> **ABOUT THIS EXERCISE**: Leaving the pictures aside, reproduce the data in full and word for word.

> **GIVEN MATERIAL**:
======

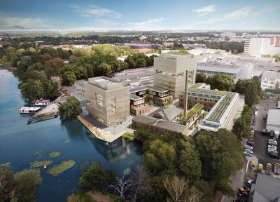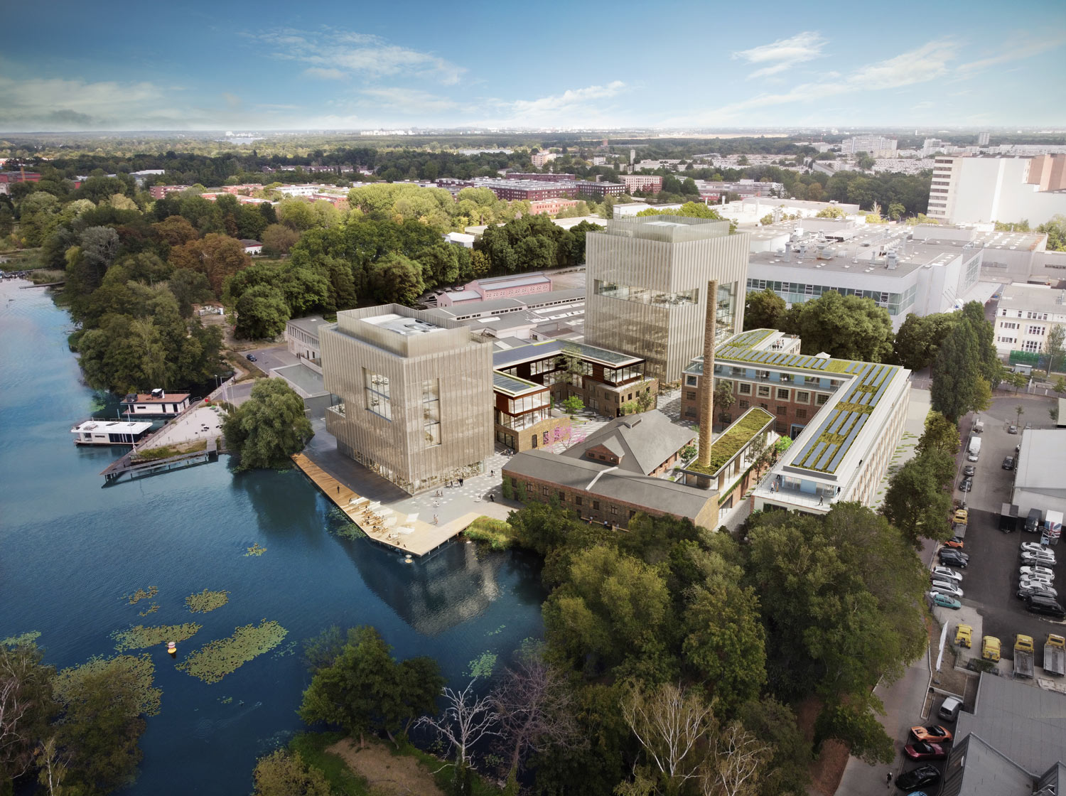 Das Projekt umfasst die Revitalisierung von fünf denkmalgeschützten Gewerbehallen und Industriegebäuden, die mit modernen Neubau-Erweiterungen versehen werden, um zugleich den historischen Charme zu bewahren und zeitgemäße Ansprüche zu erfüllen. Komplettiert wird das Ensemble von zwei Neubauten.
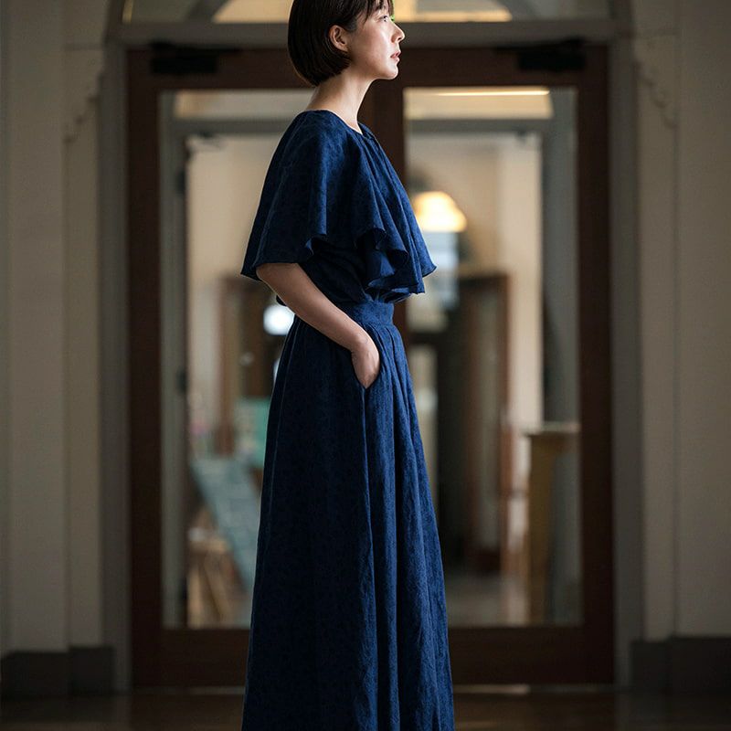 軽くてくったり柔らかいリネン生地なので、ふんわり落ちるいい感じのドレープが出てくれました。
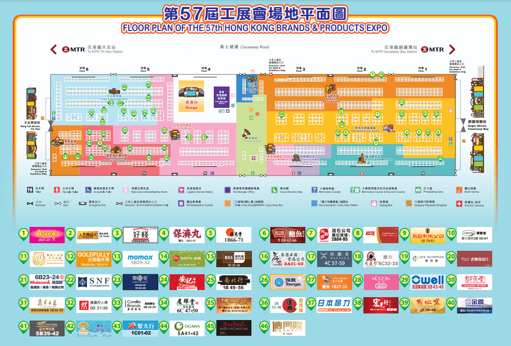 是次工展会分为10个主要展区,可以一次过满足多方面的购物需求,包括食品饮料区、蔘茸海味汤料区、美容保健区、生活家居区等基本展区,以及本年度新设的“潮饮‧潮食”美食区。潮饮‧潮食区内集齐多款本地及世界各地美食,亦首度加入售卖酒精饮品的摊位。

======

> **COMPLETED TASK**:
 Das Projekt umfasst die Revitalisierung von fünf denkmalgeschützten Gewerbehallen und Industriegebäuden, die mit modernen Neubau-Erweiterungen versehen werden, um zugleich den historischen Charme zu bewahren und zeitgemäße Ansprüche zu erfüllen. Komplettiert wird das Ensemble von zwei Neubauten.
 軽くてくったり柔らかいリネン生地なので、ふんわり落ちるいい感じのドレープが出てくれました。
 是次工展会分为10个主要展区,可以一次过满足多方面的购物需求,包括食品饮料区、蔘茸海味汤料区、美容保健区、生活家居区等基本展区,以及本年度新设的“潮饮‧潮食”美食区。潮饮‧潮食区内集齐多款本地及世界各地美食,亦首度加入售卖酒精饮品的摊位。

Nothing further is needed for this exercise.